---------- STORED DATA ----------

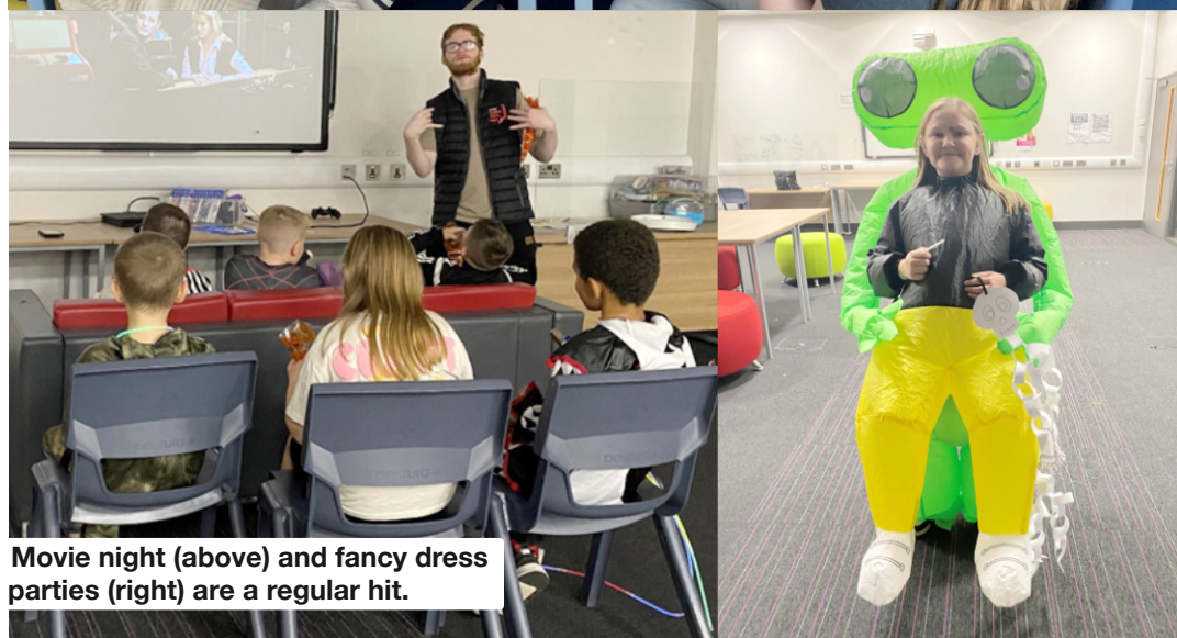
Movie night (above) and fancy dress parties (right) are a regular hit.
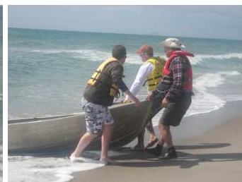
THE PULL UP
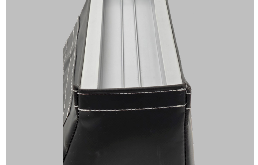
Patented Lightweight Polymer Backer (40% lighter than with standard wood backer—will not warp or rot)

----------

- [INSTRUCTIONS FOR THE TASK]: Could you return, word for word, every line from the line with "THE PULL UP" through the last line of the listing above, both ends included, without any pictures?

- [ANSWER SECTION]:
THE PULL UP
Patented Lightweight Polymer Backer (40% lighter than with standard wood backer—will not warp or rot)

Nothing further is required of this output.